Sometimes I let Bubs watch TV in really sensible way. I use iPlayer to select the programme and I limit him to one episode, just long enough for me to get something done (often a nappy change: TV is a Godsend for parents of pooey, wriggly toddlers).
But other times I just put it on because I can’t think what else to do. It’s only 10am and I’ve already read that book 5 times and sung my full repertoire of nursery rhymes. The day stretches out before me like a particularly shouty question mark and I just need 10 minutes to stare into space or check my email or something.
Then there are those times when, franky, I just want to watch some telly. I like telly. Other than the smorgasbord of delights offered on CBeebies the only TV show my son is aware of is Pointless, which I occasionally put on for us to watch ‘together’. What? It’s super educational man! I mean, who knew there was an element called Einsteinium? Huh?
I’m not pretending this is the ideal in parenting habits. But I’m not the ideal parent. I’m a human. Shock horror.
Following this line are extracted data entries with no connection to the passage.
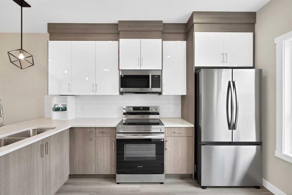 ?Welcome to this elegantly designed three-storey townhouse that blends modern style with functional living. This thoughtfully planned home offers three spacious bedrooms, each with its own private ensuite—making it ideal for families or multi-generational living. The entry level features a welcoming foyer and a versatile bedroom that can serve as a comfortable guest suite or a convenient home office. The main floor is bright and inviting, filled with natural light streaming through large windows that enhance the open-concept layout. The contemporary kitchen is equipped with stainless steel appliances, sleek lighting, and a practical breakfast bar, perfect for casual dining or entertaining guests. A cozy balcony extends the living space outdoors, while a conveniently located powder room adds to the home’s comfort and functionality. Upstairs, two generous primary bedrooms each offer private ensuites, with one suite featuring a spacious walk-in closet and a dual vanity that elevates the sense of luxury. A stacked laundry closet on this level adds everyday convenience. Additional highlights include a single attached garage, low condo fees, future nearby green space, and ample visitor parking. With easy access to Stoney Trail and nearby amenities, this home combines modern comfort, versatile design, and a highly desirable location—ready for you to move in and enjoy.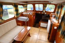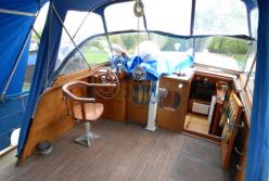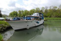 Constructeur : Hollandais Description : L'entrée se fait par la terrasse timonerie pleine largeur qui peut être entièrement fermé par un taud pouvant rester en place en navigation. Vaste carré salon avec pilotage intérieur, au dessus de la salle des machines. En contrebas vers l'avant, wc indépendant babord puis cuisine babord et en face carré convertible en lit 2 places. Chambre lit double dans pointe avant. Sur l'arrière du salon en contrebas vaste cabine propriétaire pleine largeur avec salle de bains douche indépendante. Superbes menuiseries en acajou massif du chantier Klaassen. Tirant d'air : mini+2.40 m ,en configuration marche avec tauds+ 3.35 m idéal pour canaux Hauteurs intérieures : 1.85 m chambre ,1.95 m salon, 1.92 m carré avant. Bateau en trés bon état intérieur et extérieur. Caracteristiques : Vedette Hollandaise de type SUPER VAN CRAFT du chantier naval KLAASSEN (NL) de 1968. Construction à bouchains ronds, en acier, superstructure en acajou et ponts en teck. Immatriculation Française. Expertisé en 1999, 2004,2009 par le même expert; entièrement repeint en 2009. Ellectricité neuve : tableaux 24/220 V , chargeur convertisseur, transformateur d'isolement, coupes batteries, batteries. Chauffage central neuf. Grue hydraulique neuve pour moto sur plage arrière. Carénage, joints pont, et boissesries extérieures remises à neuf et passées au D1, D2. Ce bateau a une histoire. Il avait 1000 heures, quand le propriétaire l'a acheté en 1998. Ils ont parcouru les canaux de France, de Belgique, des Pays Bas, ainsi que le Rhin et le Neckar en Allemagne.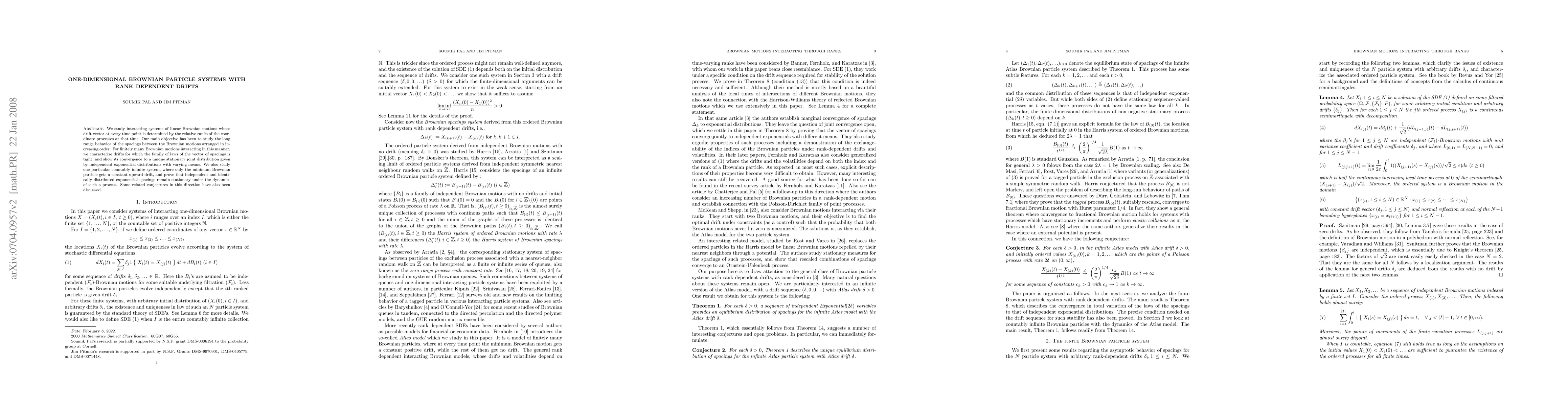 This paper examines the long-term behavior of spacings in systems of interacting Brownian motions with drifts based on particle ranks. It characterizes conditions for tightness and convergence of the spacings' distribution to a stationary form, with a focus on both finite and infinite particle systems, and discusses related conjectures.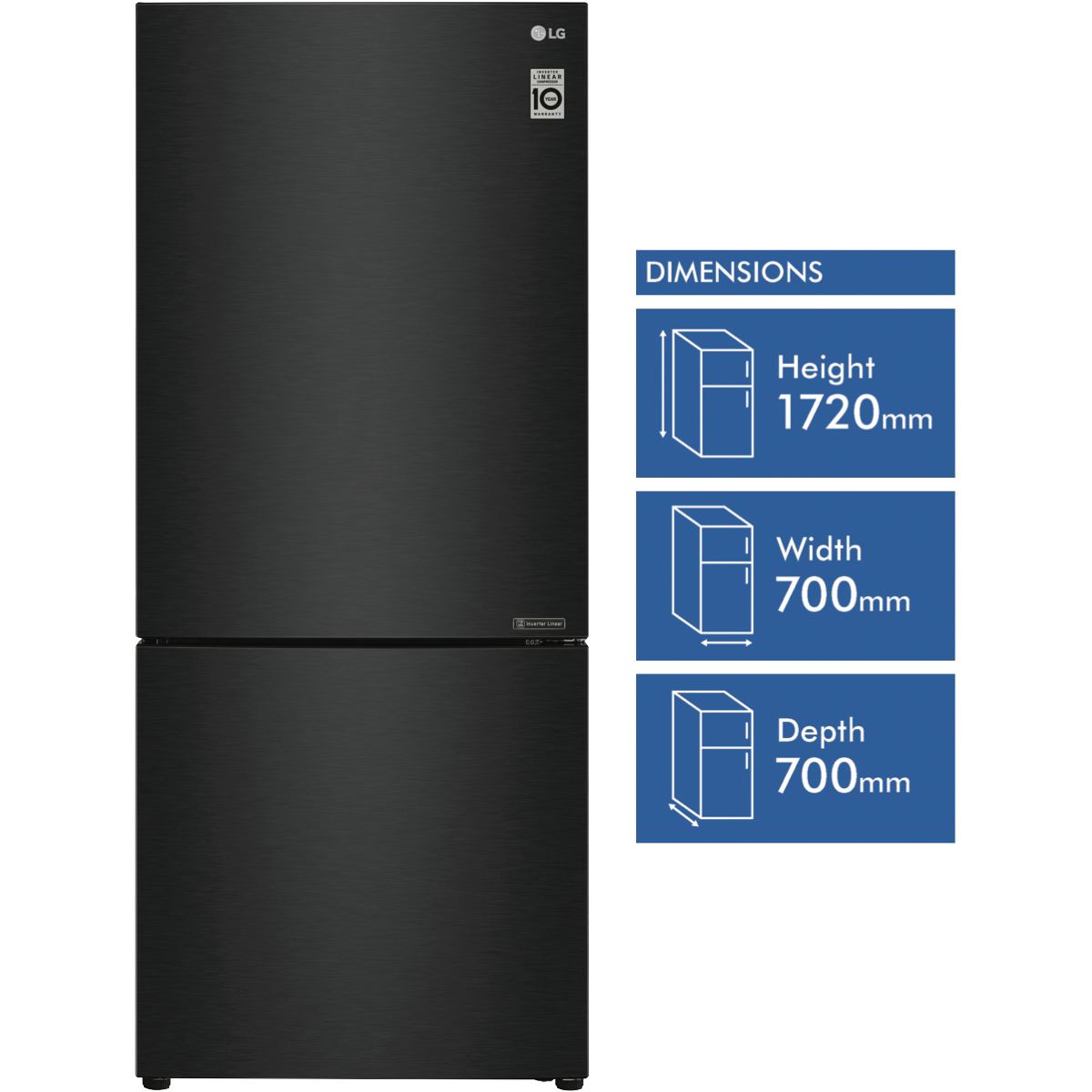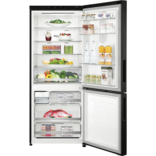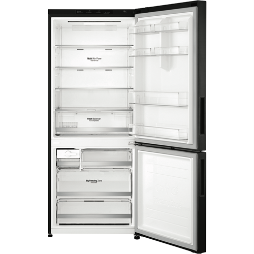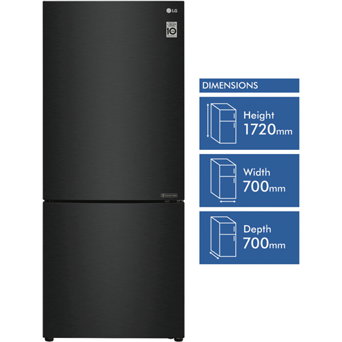Discover the spacious elegance of the LG 420L Bottom Mount Refrigerator. This stylish and modern fridge boasts a generous 420 litre total capacity featuring a 287 litre fridge and 133 litre freezer making it perfect for families and those who love to entertain. The sleek matte black finish and right hand door opening add to its sophisticated aesthetic. Thanks to its bottom mount design you'll enjoy convenient access to frequently used fresh foods in the fridge while frozen items are tucked neatly away below. Maintain the ideal temperature and moisture levels with clever features like Door Cooling and a Moisture Balance Crisper. Adjustable shelving and a Folding Shelf provide flexible storage options. Rated an impressive 5 stars for energy efficiency this fridge helps lower your power bills while still delivering outstanding cooling performance. With a 2 year manufacturer's warranty you can enjoy the quality and reliability that comes with LG. The manufacturer's part number for this product is GB-455MBL. See how the 420L Bottom Mount Refrigerator can bring stylish spacious and efficient refrigeration to your home today.

Based on the anecdotal evidence I have, I am pretty darn sure this regular TV watching will cause Bubs no long term harm. As a child I watched a fair bit of CBBC, and Neighbours, and then switched over to BBC2 for The Simpsons (those were the days!). Still, I have managed to grow up into a relatively emotionally intelligent person who holds a Masters Degree in Cultural History with Distinction. #justsaying. I also have a friend who, as the 3rd child, was pretty much plonked in front of the TV with a colouring book for much of her childhood. She is now, as well as just being lovely, a qualified doctor who’s taking a year out to do an art foundation course. Well-rounded much?
Don’t get me wrong, I think parents who don’t let their kids watch TV are awesome; I just wish my admiration wasn’t accompanied by a stomach-curdling dose of inferiority complex. It’s not their fault I feel this way, of course it’s not. It’s the fault of a society that has come to believe we must consult ‘experts’ at every turn. Every parenting decision must be scrutinised under the microscope of Research, conclusions reached and expounded. A one-size-fits all code of parenting.
What if we, I don’t know, made decisions based on common sense that were guided by our love for our children, as well as a healthy dose of realistic expectations of ourselves? I mean, isn’t that what most of us are doing?
Yeah, I thought so.
So, in conclusion. TV, it’s like, totally fine. Isn’t it?